What's Next for Google Ads MCP
According to Search Engine Land, future iterations could expand beyond read-only functionality, potentially enabling AI-driven optimisation or campaign management directly through MCP integrations.
Imagine being able to say "Increase budget on campaign X by 20%" or "Pause all keywords with quality score below 4"—all through natural language, with the AI understanding context and executing changes safely.
The current implementation is clearly a foundation. Google has signalled that this solution is experimental and unsupported, which suggests they're testing the waters before committing to full production support.
Getting Started Checklist
If you're ready to experiment with the Google Ads MCP server, here's a focused checklist:
Apply for a Google Ads developer token through your Google Ads account (this can take several days for approval)
Set up OAuth credentials in Google Cloud Console with the appropriate scopes
Install Python 3.12 and choose your dependency manager (pipx or uv)
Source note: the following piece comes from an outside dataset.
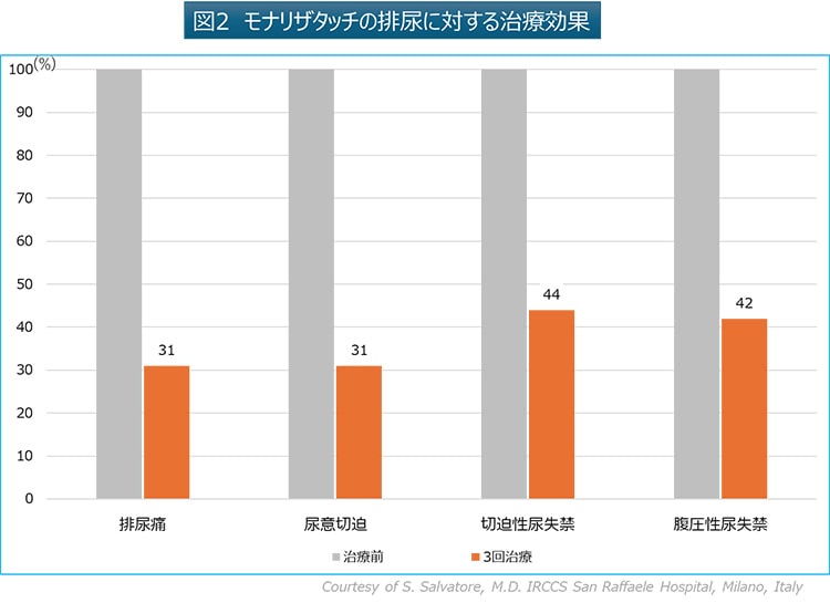 排尿に関する治療効果は図2の通りです。排尿痛・尿意切迫・切迫性尿失禁・腹圧性尿失禁いずれも3回終了後に著明に改善しています。
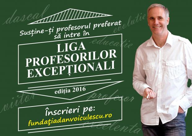 “Liga profesorilor excepţionali”, campanie iniţiată de Fundaţia Dan Voiculescu pentru Dezvoltarea României, a ajuns la cea de a treia ediţie. După doi ani în care cadre didactice valoroase, care şi-au dedicat mare parte din timp profesiei lor nobile, au fost promovate şi omagiate aşa cum ar fi normal să se întâmple într-o ţară europeană, FDVDR a luat decizia să reia această campanie şi în 2016. “Liga profesorilor excepţionali” a devenit cunoscută în întreagă ţară şi este apreciată deopotrivă de pedagogi şi elevi, dovadă stau numeroasele e-mail-uri şi mesaje pe care le-am primit. Ne face plăcere că putem continuă şi în acest an campania care pune în lumina valorile învăţământului din România”, a declarat Trisi Cristea, preşedintele Fundaţiei Dan Voiculescu pentru Dezvoltarea României. “Liga profesorilor excepţionali” încearcă să transforme un gest de reverenţă faţă de cadrele didactice într-o normalitate a zilelor noastre”.

Configure your google-ads.yaml file with credentials or set up Application Default Credentials
Install an MCP-compatible client such as Claude Desktop or Gemini CLI
Update your MCP client configuration to include the Google Ads server with proper environment variables
Test the connection by asking for accessible accounts
Should Your Team Adopt MCP?
The honest answer is: it depends on your technical comfort level and use cases.
If your team frequently needs ad-hoc reporting from Google Ads, is comfortable with basic technical setup, and wants to experiment with AI-assisted workflows, the MCP server is worth exploring. The read-only nature makes it relatively low-risk to test.
However, if you're expecting a plug-and-play solution without any configuration, or if your team isn't already working with AI assistants like Claude or ChatGPT, the setup overhead might not justify the benefits yet.
For agencies, the potential is particularly interesting. Being able to query multiple client accounts through natural language, without switching between interfaces or running manual reports, could significantly reduce administrative overhead.
"Open technologies like the Model Context Protocol are the bridges that connect AI to real-world applications, ensuring innovation is accessible, transparent, and rooted in collaboration." — Dhanji R. Prasanna, Chief Technology Officer at Block
"The work on MCP has completely revolutionised the agentic AI landscape." — Jensen Huang, President and CEO of NVIDIA
The Google Ads MCP server represents a meaningful shift in how we can interact with advertising platforms. Whilst the current read-only implementation is limited, it demonstrates a future where marketing teams can access their data through conversation rather than navigation. As the protocol matures and more platforms adopt it, this standardised approach to AI-data integration could become as fundamental as APIs are today.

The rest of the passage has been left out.